_PROBLEM REQUIREMENTS_: What are the lines below, starting at the line containing "MIKO ENERGY Ltd., spółka" and ending at the line containing "lowongan suami bayaran."? Write them out exactly, ends included, without pictures.

═══ EXCERPTED RECORDS ═══

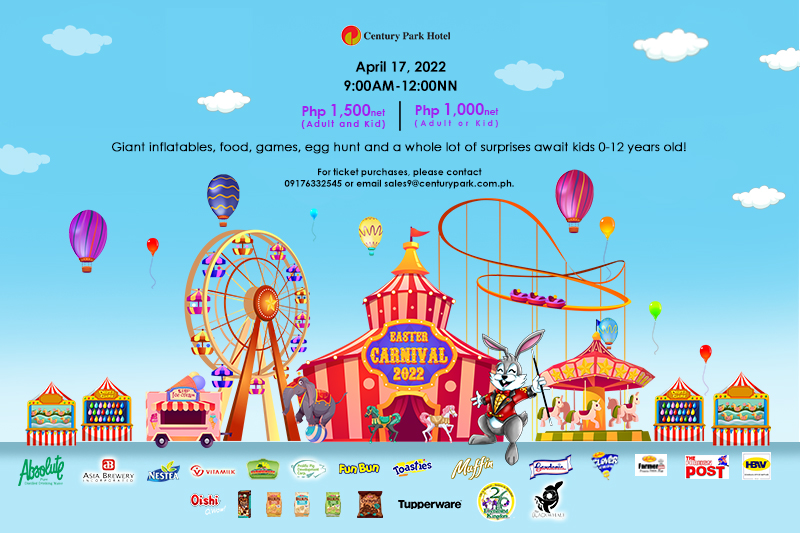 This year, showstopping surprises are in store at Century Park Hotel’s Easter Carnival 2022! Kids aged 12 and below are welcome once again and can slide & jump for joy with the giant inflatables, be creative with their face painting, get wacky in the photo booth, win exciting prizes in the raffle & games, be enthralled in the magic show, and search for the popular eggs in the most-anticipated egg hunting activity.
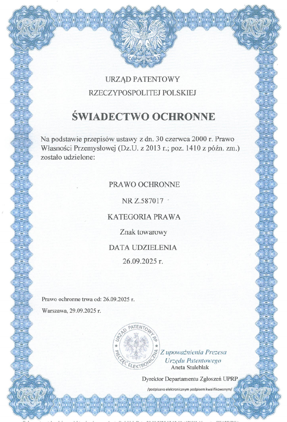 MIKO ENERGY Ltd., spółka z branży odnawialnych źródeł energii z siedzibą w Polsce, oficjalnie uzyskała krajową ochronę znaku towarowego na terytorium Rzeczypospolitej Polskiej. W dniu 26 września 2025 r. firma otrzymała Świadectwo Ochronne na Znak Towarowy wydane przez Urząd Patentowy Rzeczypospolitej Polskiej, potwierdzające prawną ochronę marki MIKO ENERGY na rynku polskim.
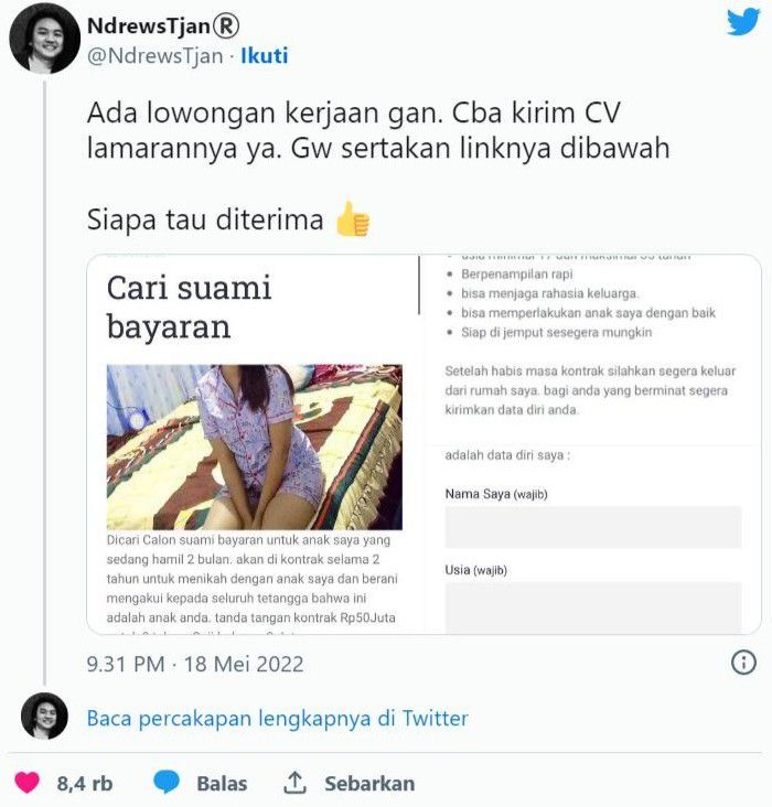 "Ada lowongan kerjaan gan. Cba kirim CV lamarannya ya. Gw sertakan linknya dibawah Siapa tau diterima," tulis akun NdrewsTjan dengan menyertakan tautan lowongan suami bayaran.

═══
═══ EXCERPTED RECORDS ═══

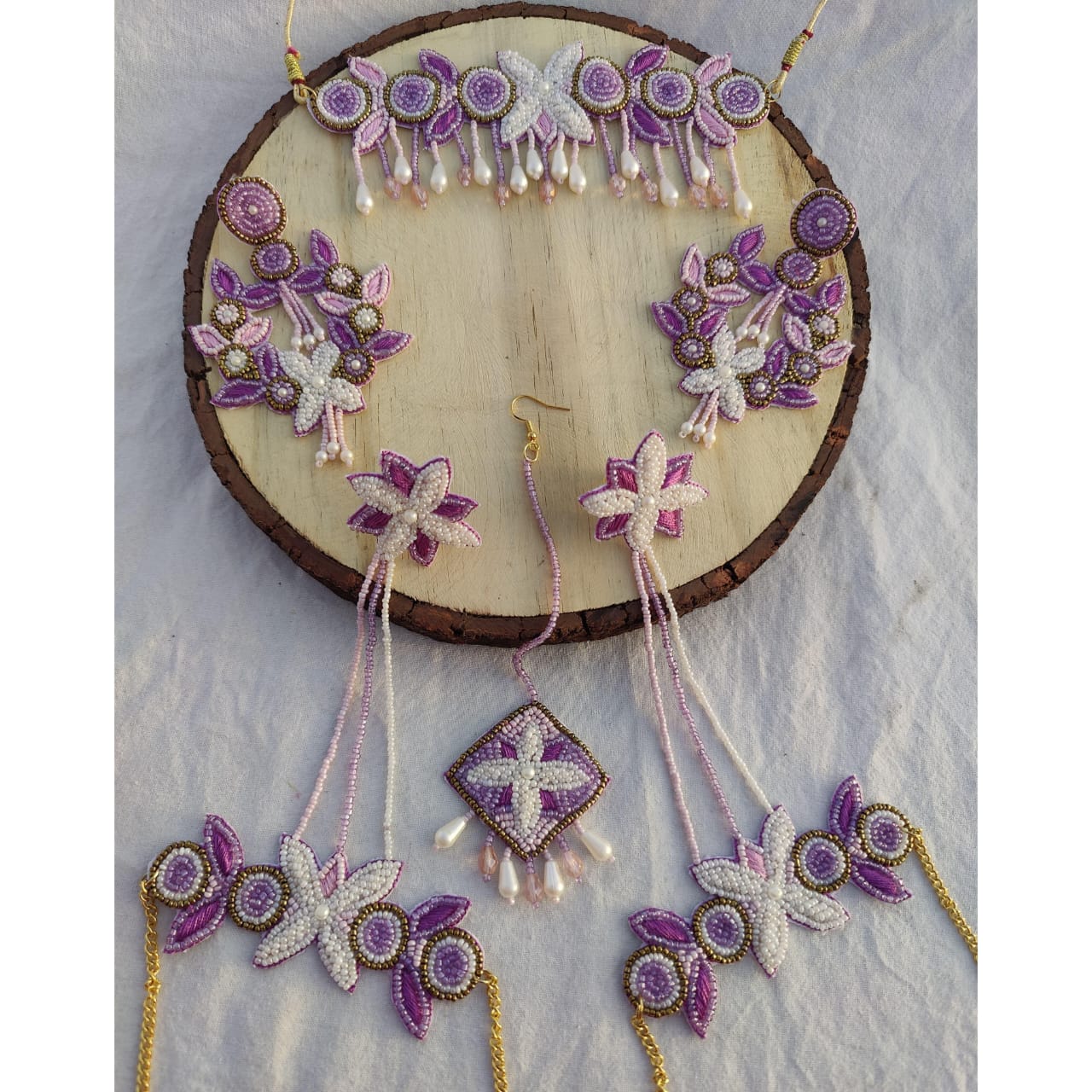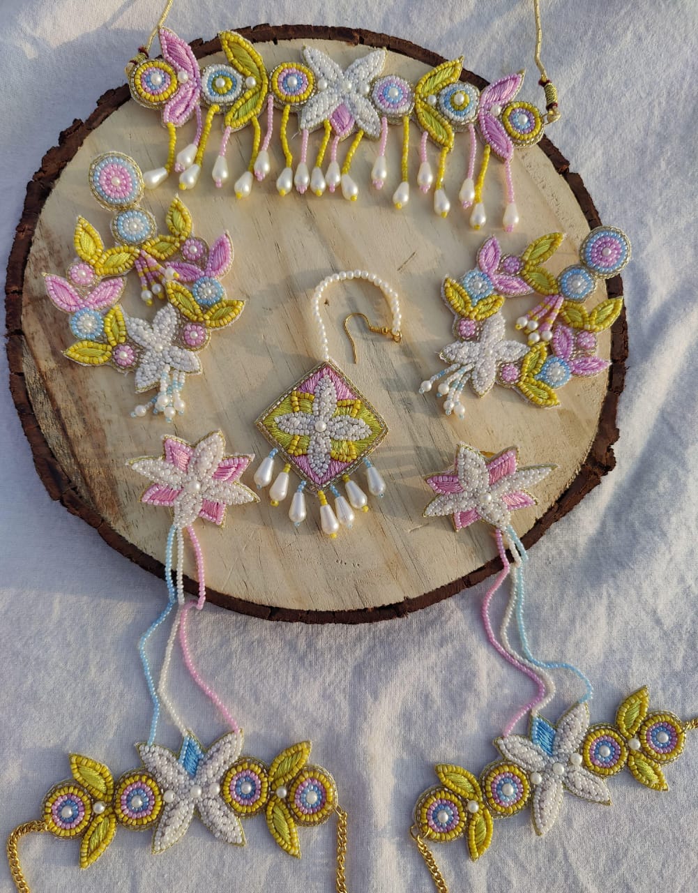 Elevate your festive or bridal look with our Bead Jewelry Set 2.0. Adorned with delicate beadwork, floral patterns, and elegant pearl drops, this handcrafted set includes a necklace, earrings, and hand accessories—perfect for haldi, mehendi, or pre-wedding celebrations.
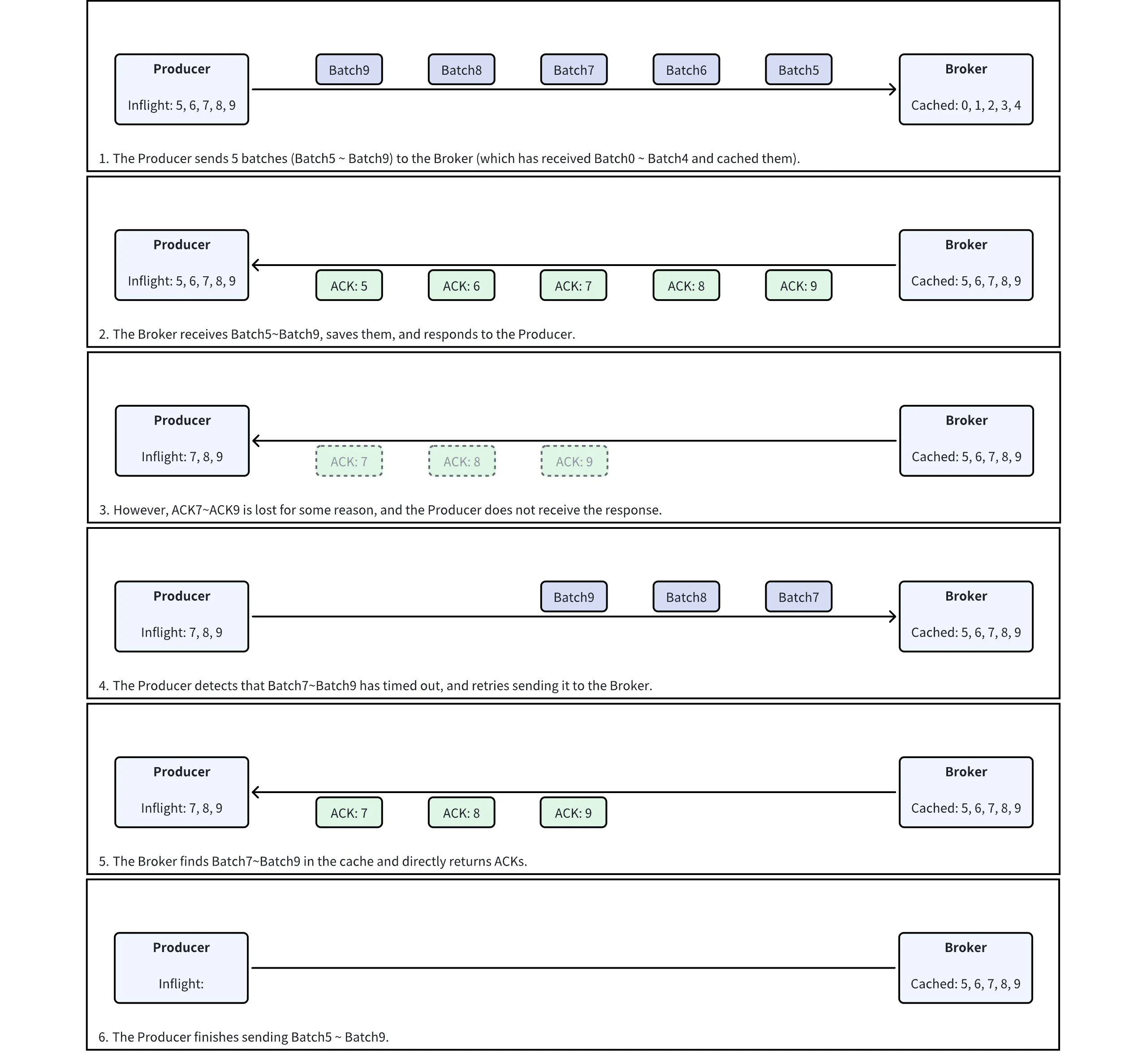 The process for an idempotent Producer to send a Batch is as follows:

═══
═══ EXCERPTED RECORDS ═══

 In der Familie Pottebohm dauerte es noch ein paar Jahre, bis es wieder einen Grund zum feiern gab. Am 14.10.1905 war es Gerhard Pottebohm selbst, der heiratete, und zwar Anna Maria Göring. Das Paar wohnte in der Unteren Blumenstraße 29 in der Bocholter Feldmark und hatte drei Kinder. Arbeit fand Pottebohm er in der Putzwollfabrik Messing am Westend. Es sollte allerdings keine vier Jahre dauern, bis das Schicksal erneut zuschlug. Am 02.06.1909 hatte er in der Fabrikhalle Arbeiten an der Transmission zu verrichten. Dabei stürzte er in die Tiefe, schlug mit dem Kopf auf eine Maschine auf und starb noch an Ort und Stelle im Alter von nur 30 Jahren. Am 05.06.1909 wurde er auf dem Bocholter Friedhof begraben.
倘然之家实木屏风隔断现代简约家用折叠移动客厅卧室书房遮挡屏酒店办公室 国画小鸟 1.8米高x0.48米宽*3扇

═══

_RESPONSE TO THE EXERCISE_:
 MIKO ENERGY Ltd., spółka z branży odnawialnych źródeł energii z siedzibą w Polsce, oficjalnie uzyskała krajową ochronę znaku towarowego na terytorium Rzeczypospolitej Polskiej. W dniu 26 września 2025 r. firma otrzymała Świadectwo Ochronne na Znak Towarowy wydane przez Urząd Patentowy Rzeczypospolitej Polskiej, potwierdzające prawną ochronę marki MIKO ENERGY na rynku polskim.
 "Ada lowongan kerjaan gan. Cba kirim CV lamarannya ya. Gw sertakan linknya dibawah Siapa tau diterima," tulis akun NdrewsTjan dengan menyertakan tautan lowongan suami bayaran.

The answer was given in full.